We had been chasing Deborah Ginsberg for an interview. Then, before the last gasp of summer, Sidley was fortunate to nab some quality phone time with her. Fresh off an intensive six-month stretch of completing an initial public offering for her business unit that kept her elusive, Ginsberg, a managing director at TPG RE Finance Trust, Inc. (NYSE: TRTX), a business unit of alternative asset firm TPG, said she was ready to escape to the summer house she rents in East Hampton, New York for the beach and some tennis.
Before doing so, however, we asked her to talk shop. Reflecting on the IPO project, one of the meatiest she has thus far worked on at TRTX, Ginsberg, a real estate associate from 2002 to 2006 in Sidley’s New York office, says the greatest challenge wasn’t legal, but rather, managing the diverse group of stakeholders involved in the process. “It encompassed being the liaison between the many constituents—the private investors who had invested in the business and addressing their concerns and needs combined with working with the regulatory agencies, including the Securities and Exchange Commission.”

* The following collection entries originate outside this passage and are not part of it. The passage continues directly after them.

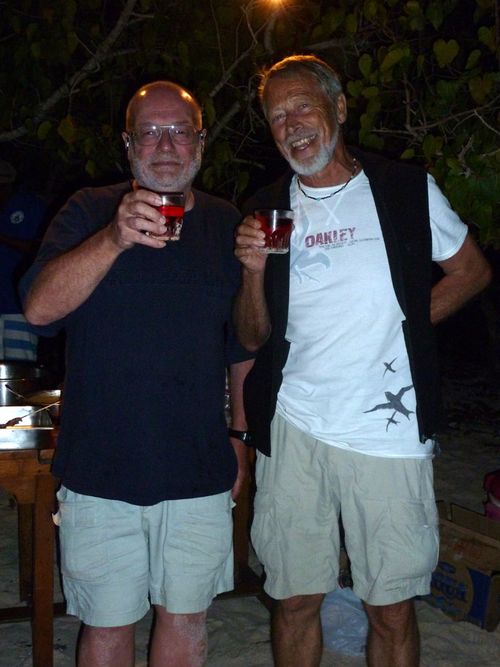 I shall end by noting that strange bioluminescent phenomena were on display in other ways that night on Komodo’s pink beach – note the dazzling effects on the head of the old guy next to François in this photograph:
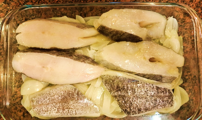 6. מניחים את פילה הדג מעל הבצל
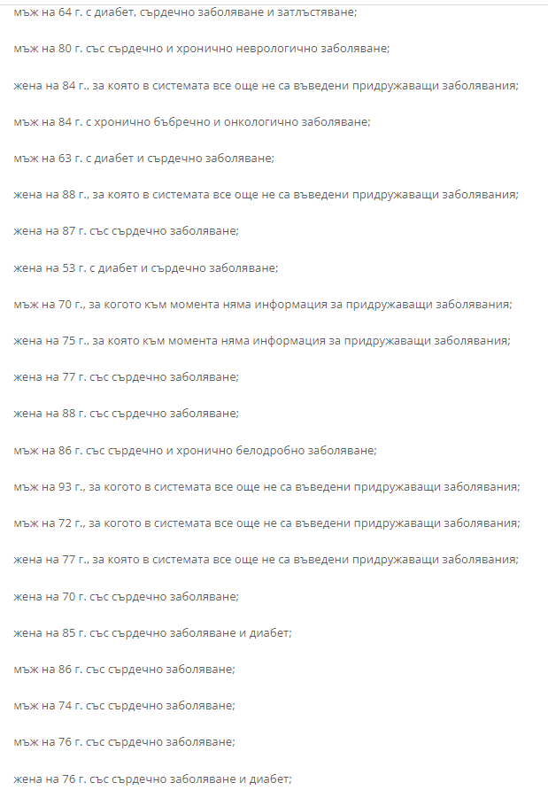 Подчинените на Сербезова обаче са посочили с едно по-малко в разбивката си за починалите, възрастта им и придружаващите ги заболявания. Всички починали са на възраст между 43 и 91 години.

“There’s an authentic and pronounced focus on building great businesses,” says Ginsberg of TPG, which she joined in 2016, several months after the firm had entered the real estate debt business. Then-newly minted CEO Greta Guggenheim was a longtime business colleague and old friend of Ginsberg’s and was looking to hire someone to lead the legal team for TRTX. “She and I got to talking and I was excited about the opportunity to help build the business, particularly since it was in the real estate debt space.”
While Ginsberg considered her employer at the time, The Blackstone Group, “an extraordinary organization,” she was drawn to the entrepreneurial aspect of the role at TRTX and decided to take the leap. “It was the opportunity to help shape the future, to take a well seated platform and really grow it.”
Nowadays, Ginsberg is gratified by the multifaceted aspect of her work, which encompasses everything from structuring transactions on the front end and helping to close them, to managing the transactions on the company’s balance sheet and helping to exit them. The corporate end is no less challenging: After helping spearhead the aforementioned rather formidable IPO, together with TRTX’s chief financial officer, her day-to-day responsibilities now include managing the corporate aspects of a publicly traded NYSE company.
“By education and training I am a real estate lawyer,” says Ginsberg. “So it has been really interesting to manage the corporate and strategy sides. I really enjoy the ability to impact and engage in so many aspects of our business.”
As it turns out, her time as a real estate associate at Sidley ultimately afforded Ginsberg a valuable connection in her current position. She recalls learning last January that TPG had hired a new general counsel in its San Francisco office. When Ginsberg heard that the person filling the role was none other than Bradford Berenson, a former partner in Sidley’s Washington office, she immediately called Sidley partner Alan Weil, a real estate lawyer she worked alongside in New York, and with whom she has remained very close.
“I said, ‘Alan, do you think you could facilitate an introduction for me before Brad starts, just so I can get on the right foot?’” Alan arranged for Ginsberg to meet with Berenson just as he was starting his new position. Their connection was immediate and friendly. “The firm put us in touch and it is a wonderful example of how the network continues,” says Ginsberg, noting that Sidley’s culture of collegiality can extend far beyond a lawyer’s tenure with the firm.
“I spent four years at Sidley but, truth be told, it still feels like a home to me,” she said. “It feels like family, even though I’ve been gone more than a decade.”